Attacking triceps with supersets
Below are three supersets to help you focus on all parts of your triceps. Choose the working weight with which you will reach muscle failure in the planned repetition range. Repeat the sequence 4-5 times, minimizing the rest between supersets as much as possible. After completing two exercises, rest for 2 minutes before the next set.
Triceps workout program
Superset 1: long head
4 approach to 6 repetitions
4 approach to 10 repetitions
Superset 2: medial head
4 approach to 6 repetitions
4 approach to 10 repetitions
Superset 3: lateral head
4 approach to 6 repetitions
4 approach to 10 repetitions
4 steps to titanic triceps
Want to enjoy the best triceps workout of your life? Here are 4 guaranteed ways to get a monstrous triceps boost.
1. Get off the horizontal bench
Bench press with a narrow grip and extensions performed on a bench with a 30-45 ° negative incline will help reduce deltoid involvement and slightly increase the load on the medial and lateral head of the triceps. The same exercises on a bench with a positive incline will activate the long head to a greater extent.
2. Leave your thumb away
Grasping the bar tightly with your thumb, holding the projectile in your fist, you engage the brachioradialis muscle (Musculus brachioradialis). This steals a fraction of the load from the triceps. If your palms and hands are intact, use a thumb grip on the same side of the bar as your other fingers.

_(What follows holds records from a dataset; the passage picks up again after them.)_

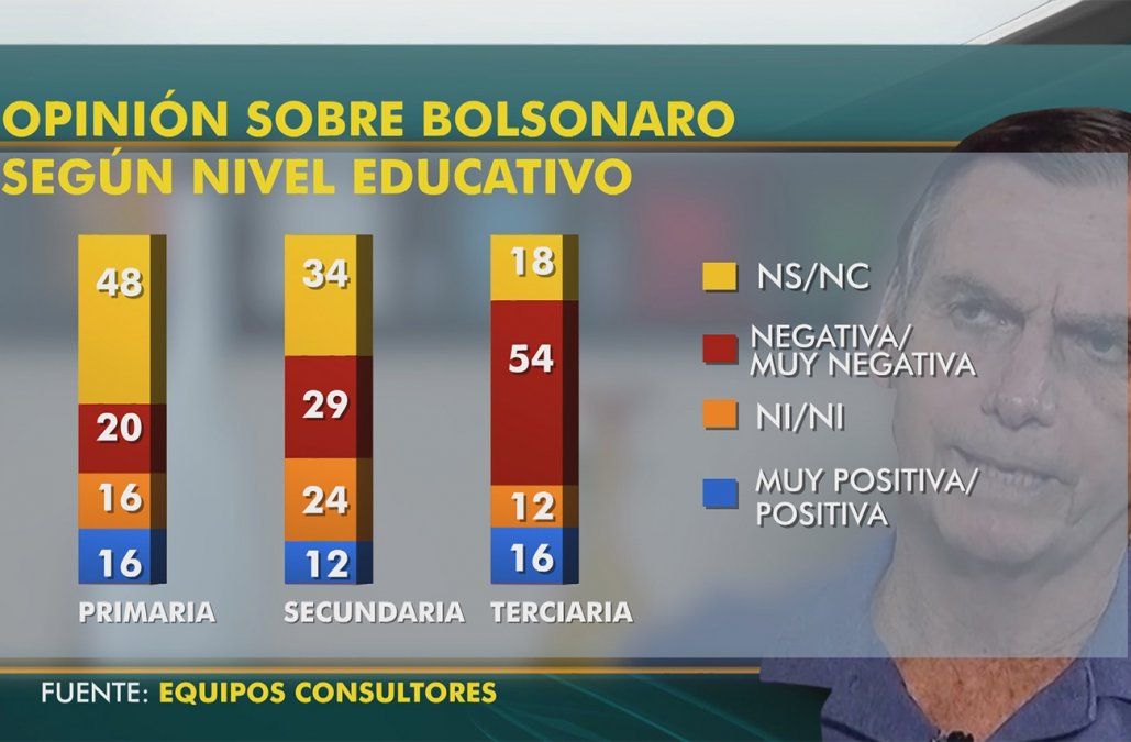 La opinión sobre Bolsonaro varía de acuerdo al nivel educativo.
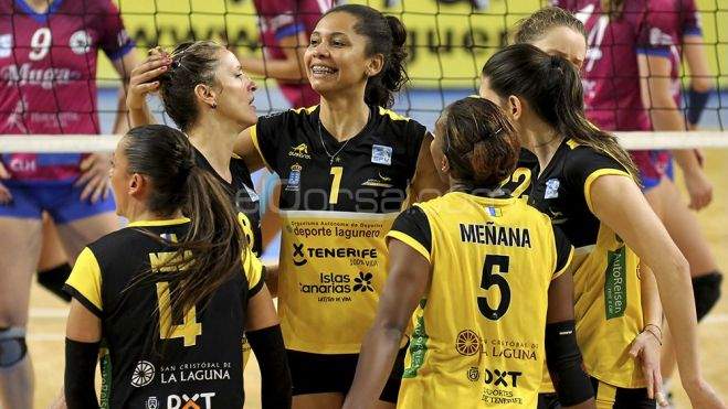 Las jugadoras del CV Aguere se desean suerte antes de un partido. | @JacfotografoEl Haro Rioja Volley es, sin duda, uno de los mejores equipos de la categoría. Afianzado en la zona noble toda la temporada, las pupilas de Hugo Gotuzzo no han sido capaces de vencer a los rivales directos, ni en Superliga ni en Copa, por lo que esperan vencer a Aguere Tenerife y vengarse de la derrota en Copa. Un ataque liderao por Dibbern, sin olvidarnos de jugadoras de tanta calidad como Raquel BRun o María Schegel. Las jarreras destacan también en defensa, con las centrales Mami Diouf y Carlota Conrado y la incombustible Patricia Llabrés en recepción.
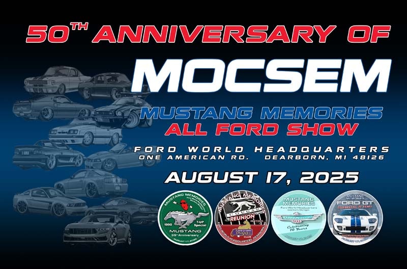If you've been waiting for that one, extra-special enthusiast event to attend this summer, this is it: The annual "Mustang Memories All-Ford Show" https://www.mocsem.com/calendar#!event/2025/8/17/mustang-memories-2025 being held on Sunday, August 17, 2025. It’s one of the largest Mustang and Ford shows in the country (600-900 vehicles are expected this year with the mega event held behind Ford World Headquarters), and it’s all hosted by MOCSEM, https://www.mocsem.com one of the biggest Mustang clubs in the USA – all in Ford's own backyard. This summer. MOCSEM is celebrating its 50th year, with special displays featuring the Ford Thunderbird, Ford GT, Mercury Cougar and 7-Up Mustangs – plus an EXCLUSIVE Ford Heritage Collection FREE vehicle tour in the adjacent Ford WHQ Executive Garage that you just have to see.
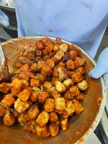 3.ケチャップ、砂糖、赤みそで作ったタレを揚げたまぐろにからませる。
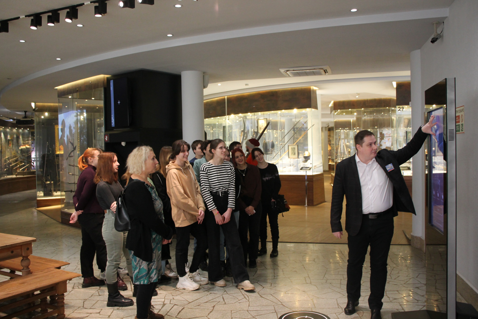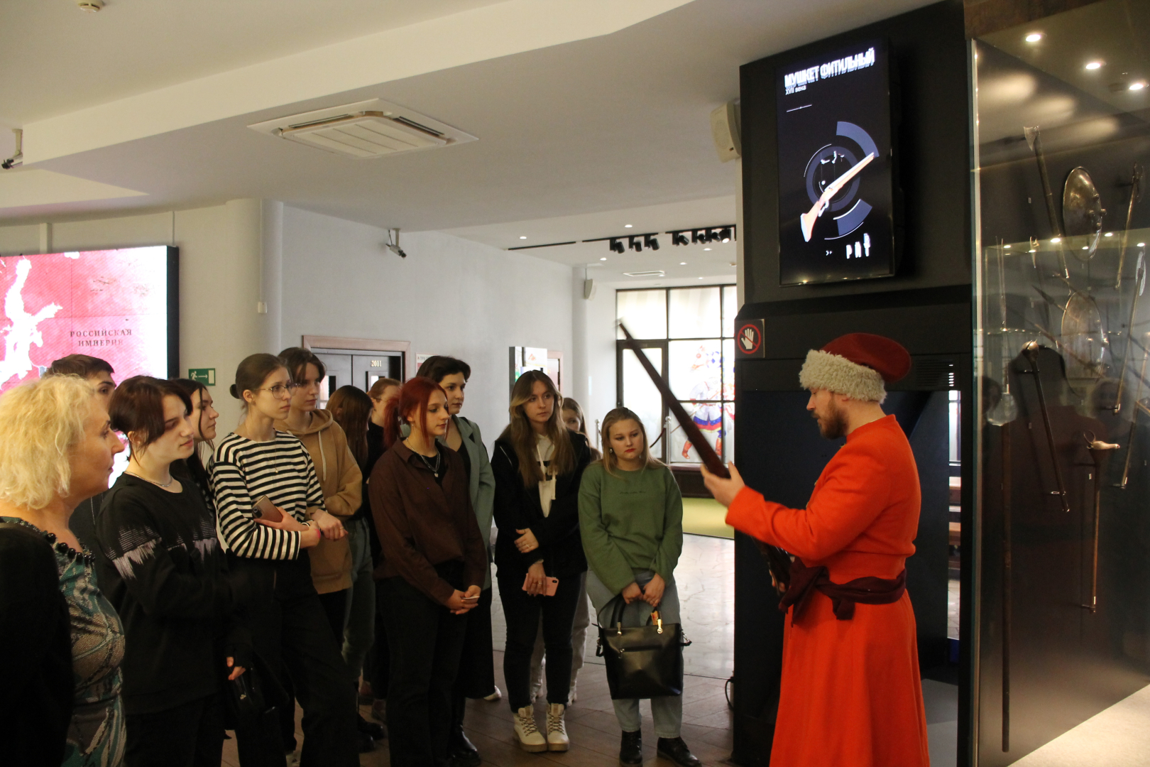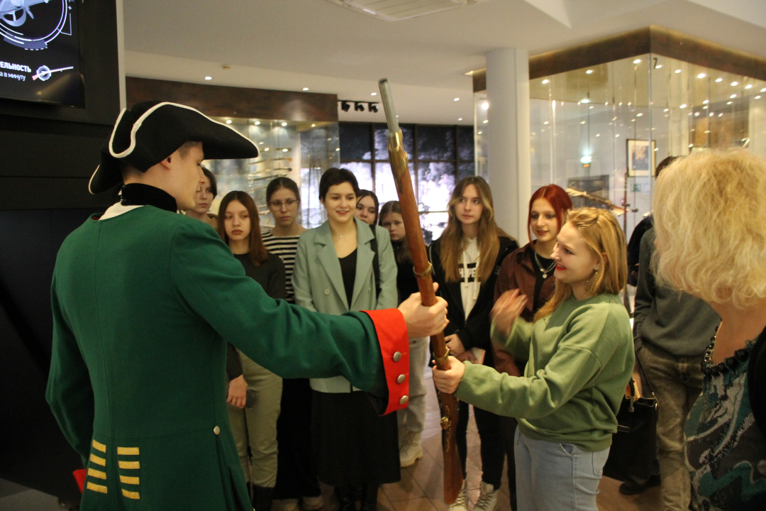 На костюмированных театрализованных интерактивных экскурсиях по постоянной экспозиции и выставкам музея студенты заинтересованно знакомились с легендарной историей оружейного производства Тулы и России.

Thumb grip on the bar steals some of the load from the triceps
3. Use isometric hold and pump
Fixing the arm in the position of maximum muscle contraction – the last centimeters of the trajectory of movement – increases neural activity in the triceps region, and this is transformed into an increase in contraction. Another way to burn out muscle is tempo pumping in the upper range of the trajectory of movement, especially effective after failure, when you are no longer able to complete a full-range repetition.
4. Use high-intensity training techniques
Negatives, or eccentric repetitions, are high-intensity training techniques. The technique is based on a slow lowering of the projectile after reaching muscle failure. You can also use the rest-pause technique: take a relatively large working weight (say, a weight with which you can finish 8 reps) and do only 5 reps with it. Place the projectile on the stops, rest for 15-20 seconds and resume the approach, performing 5 more repetitions. Combine 4-5 of these work / rest stretches and you have 25 reps with 8 rep weights. This will be your ticket to rapid muscle growth!